Done with Undergrad, Procedural Generation, Model Checking

17 05 2008

I’m finally done with undergrad.  It feels like 4 years just blew by in the blink of an eye.  And come fall, I’ll be working, but also applying to grad schools.  What a ride.

Incidentally, I did finish my thesis.  It’s here: Type-Safe Stack Inspection for Garbage Collector Implementation.  Every time I write that title now I wish I’d cut it off as “Type-Safe Stack Inspection.”  Oh well, too late now.  I meant to post about it right after I finished, but the final edits ran into finals period, which consumed the past two weeks of my life.

On to other projects.

Currently, Brendan, Rob and I are working on building a fairly ambitious mapping tool.  We decided to use procedural modeling implement a multiple-level-of-detail real-time procedural generator for, well, planets.  The idea is that eventually we’ll start by rendering a planet with continents and oceans on screen, and the user can zoom in – to nearly any level of detail.  Moving closer to the planet gradually adds greater and greater levels of detail to the planet, laying out rivers, mountains and valleys, then cities and roads, laying out city streets and buildings, and possibly even building internals.  We think we can do it quickly and without using unreasonable amounts of memory by taking advantage of the fact that procedural generation is deterministic if you reuse the same random number generator seed.  So we can cache seeds for areas along with constraints on edges for some areas, and use negligible amounts of memory for storing enough information that you can back out or cross the planet, have the old region freed from memory, return and see the same things.  We’re aiming pretty high, so we’ll see what happens.

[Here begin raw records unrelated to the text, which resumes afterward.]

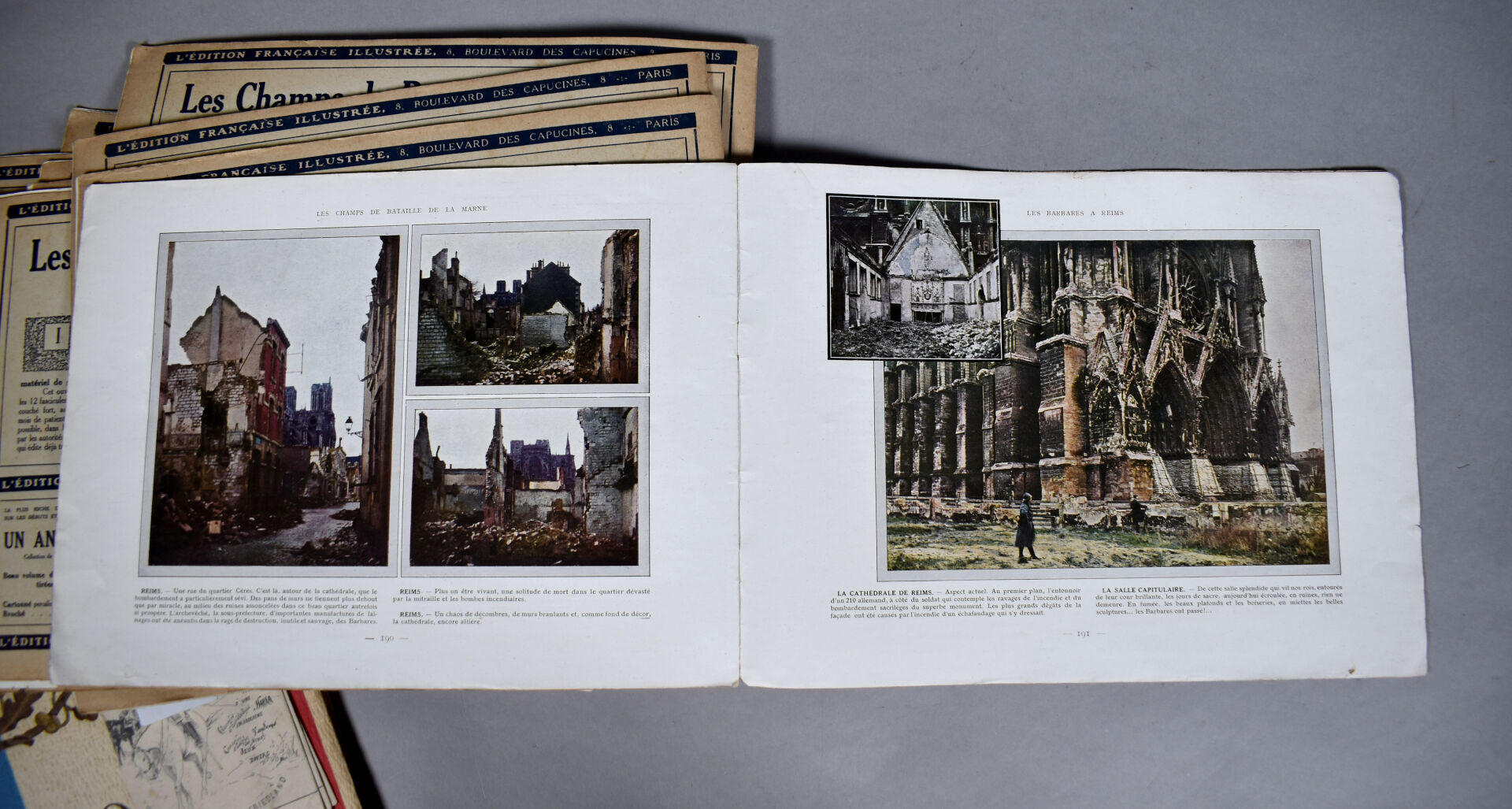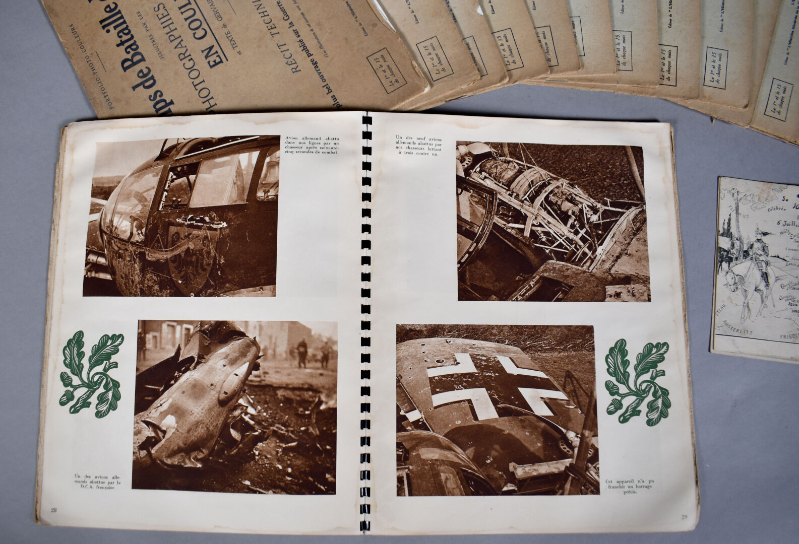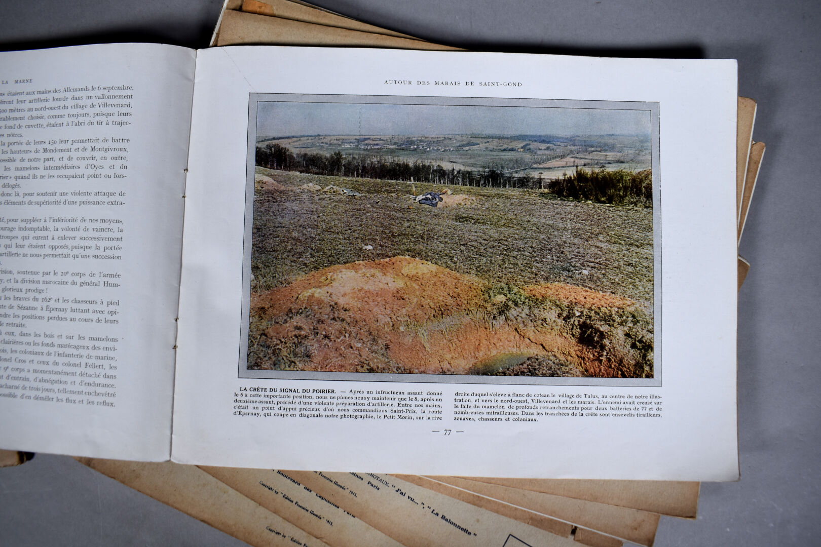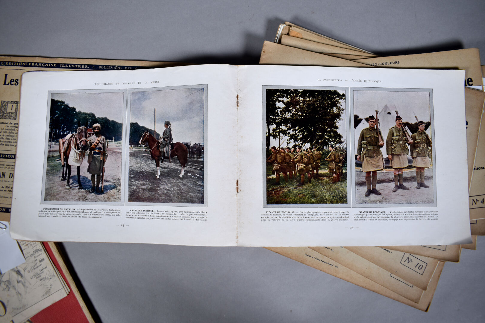 Collection en 12 fascicules de photographies couleur sur la bataille de la marne. Ensemble complet richement illustrés et documentés. On y joint un mémorial de la guerre, 1940.
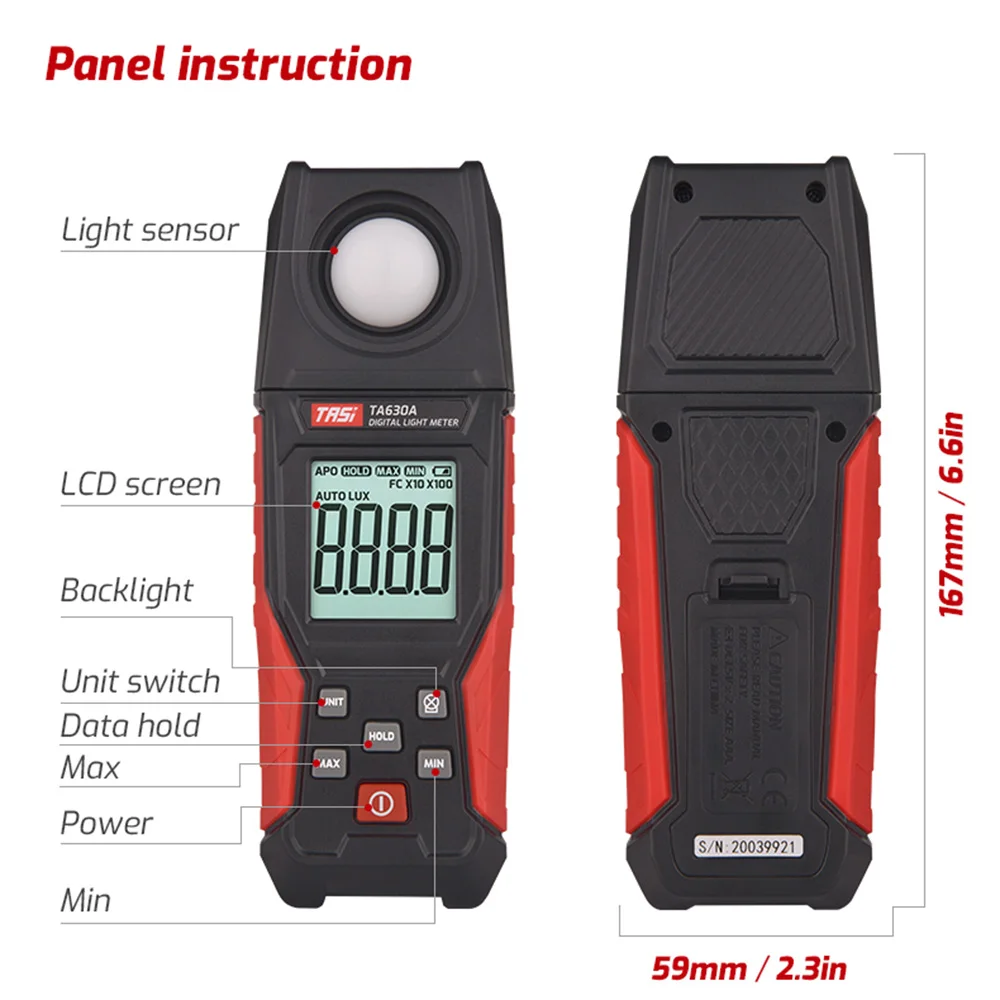 Measurement range: 0.1~20000LUX/0.01~20000FC
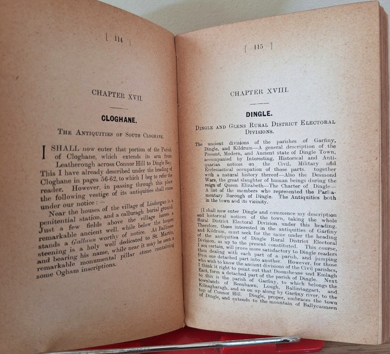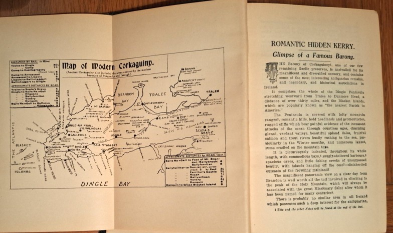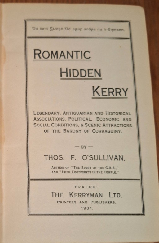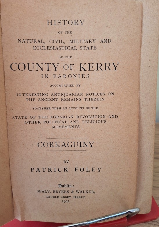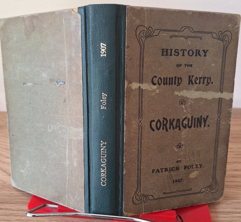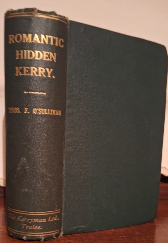 Kerry Interest – two books: Romantic Hidden Kerry – Legendary, Antiquarian and Historical Associations; Political, Economic and Social Conditions, and Scenic Attractions of the Barony of Corkaguiny. (Thomas F. O’Sullivan, The Kerryman, 1931). Frontispiece – Portrait of the Author. Twenty-six illustrations including Map of Modern Corkaguiny. Also, History of the County Kerry – The Barony of Corkaguiny (Patrick Foley, 1907). Original boards – later back-strip and endpapers. Title page present but detached
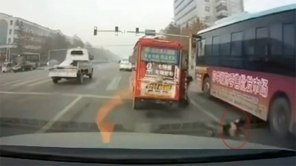 Peuter valt uit een rijdende bus en wordt nét niet overreden door stadsbus
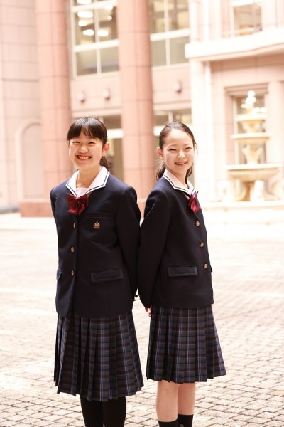 2年前に制服をリニューアルしました!中学生はセーラー服風の大きめの襟とえんじ色のリボンがポイントです。リュックを背負う生徒が多いため、邪魔にならないように後ろの襟はすっきりとしたデザインにしてあります。ブレザーは中高共通のノーカラータイプ(襟無し)です。ポロシャツとスラックスも導入し、選択できるアイテムが増えました。機能性もアップした制服は生徒たちに大好評です!

I also picked up a copy of a book my advisor told me about, Principles of Model Checking.  It was just released earlier this month, and it’s great so far.  I read a couple of the original LTL and CTL model checking papers (LTL: Model Checking Using Automata Theory, CTL: Automatic Verification of Finite-State Concurrent Systems Using Temporal Logic Specifications) a couple years ago in a seminar, but I didn’t have enough background in CS to really have all the details quite click for me back then (those papers were actually the first time I saw automata in CS, before I took a theory of computation class).  This book is shaping up to be a good refresher for me (also filling in gaps from what I missed the first time I looked at this material) and seems like it would be a good introduction for those new to model checking as well.  Sadly there is not yet a place to look inside it online.